Erythropoietic Protoporphyria (EPP) Biology Research Melanotan 1 is the pharmacological backbone of the most extensively clinically characterised EPP research programme. EPP is caused by ferrochelatase (FECH) deficiency — the enzyme that catalyses insertion of iron into protoporphyrin IX (PPIX) in the terminal step of heme biosynthesis — leading to accumulation of PPIX as a photosensitiser in erythrocytes, plasma, liver, and skin. Cutaneous PPIX absorbs visible light (predominantly the Soret band at 405 nm), generating singlet oxygen and reactive oxygen species that cause the severe phototoxic pain and skin damage that severely restricts EPP patients’ outdoor and light exposure. Research has examined how Melanotan 1-driven eumelanin deposition increases light absorbance across UV, UVA, and visible wavelengths — acting as a broad-spectrum chromophore that reduces the fraction of incident light reaching photosensitiser-containing cells — and has documented improvements in pain-free light exposure time, quality of life metrics, and phototoxic episode frequency in EPP patients across Phase II and Phase III clinical trials.
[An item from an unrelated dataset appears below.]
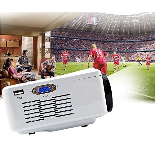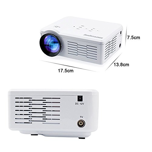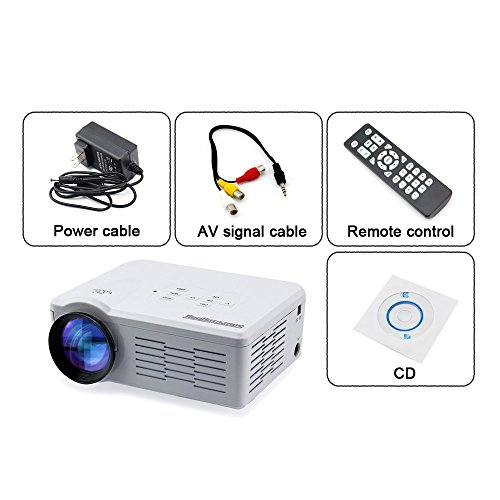 Description: USB/SD Card Direct Play Just plug in the power, insert the card or flash drive, then you can enjoy the images and videos directly. Smart and affordable With 6.85.352.8inch dimension, 2.39 lb weight, you can take it everywhere you like. Various multimedia ports AV/VGA/SD/USB/HDMI slots makes it possible to connect desktop, notebook, tablet, DVD, WII, XBOX, MP5, digital camera to this projector easily. Long lamp life The led lamp works 20,000 hours which get you rid of searching a replacement bulb. Qualified image This mini projector has a contrast of 500:1 with a brightness of 800 Lumen, capable for all kinds of daily use like watching movie or make a presentation, etc.Warranty12 months honest warranty, friendly and effective after-sale service, put your worries aside. Email us if you met any problem when using it. A detailed FAQ or return instruction is ready to send to you. For Optimal Use1. Perfect for early child education and Home Schooling2. Home Entertainment: watch your favorite programs on the bigger screen.3. Conference Rooms: Staff meeting for presenting reports or reviewing projects. Package Contents:1 BL35 Mini Projector1 AV cable1 Remote control1 User manual.Feature

UV-Induced DNA Damage and Repair Biology Research Research has examined Melanotan 1’s effects on UV-induced DNA damage and repair beyond its well-characterised pigmentation mechanism — with studies documenting that MC1R activation enhances DNA repair capacity in keratinocytes through a pathway dependent on the xeroderma pigmentosum group A (XPA) nucleotide excision repair protein. Studies have reported reductions in thymine dimer formation (a specific UV-induced DNA photoproduct) and decreases in sunburn cell numbers following Melanotan 1 treatment, and have explored how MC1R-cAMP-PKA signalling activates the nucleotide excision repair (NER) pathway independently of eumelanin production — establishing a dual photoprotective mechanism combining physical light attenuation (eumelanin chromophore) with enhanced cellular DNA repair capacity. This DNA repair-augmenting activity is pharmacologically significant because it extends Melanotan 1’s photoprotective research relevance to individuals whose primary need is UV damage mitigation rather than pigmentation enhancement.
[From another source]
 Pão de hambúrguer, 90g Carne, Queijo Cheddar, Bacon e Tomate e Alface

Anti-Inflammatory and MC1R-Mediated Immune Modulation Research MC1R is expressed on monocytes, macrophages, dendritic cells, and T lymphocytes, and research has characterised Melanotan 1’s anti-inflammatory properties mediated through MC1R engagement on immune cells. Studies have documented that Melanotan 1 and related α-MSH analogues suppress pro-inflammatory cytokine production — reducing TNF-α, IL-1β, and IL-6 — and increase anti-inflammatory cytokines including IL-10, through MC1R-cAMP-PKA-mediated modulation of NF-κB signalling and inflammatory gene transcription. Research has examined how MC1R activation on macrophages and dendritic cells modulates the innate immune response to skin damage and UV radiation, and has explored the anti-inflammatory dimension of Melanotan 1 in the context of conditions where cutaneous inflammation is a primary pathological driver — including acne vulgaris, where a Phase II pilot study examined afamelanotide’s anti-inflammatory potential.

Vitiligo and Repigmentation Research Research has examined Melanotan 1 as a potential repigmentation tool in vitiligo — where loss of melanocytes from defined skin regions produces the characteristic depigmented patches — with studies exploring whether MC1R superpotent agonism can stimulate residual melanocyte populations or melanocyte precursors in vitiliginous skin to repigulate. A pivotal JAMA Dermatology-published randomised multicentre trial examined the combination of Melanotan 1 and narrowband UV-B (NB-UVB) phototherapy versus NB-UVB alone — documenting superior repigmentation in the combination arm and establishing that Melanotan 1’s MC1R activation synergises with UV-B-induced melanocyte stimulation to achieve greater and more rapid repigmentation than phototherapy alone. Ongoing trials are further examining afamelanotide across different vitiligo subtypes and anatomical distributions.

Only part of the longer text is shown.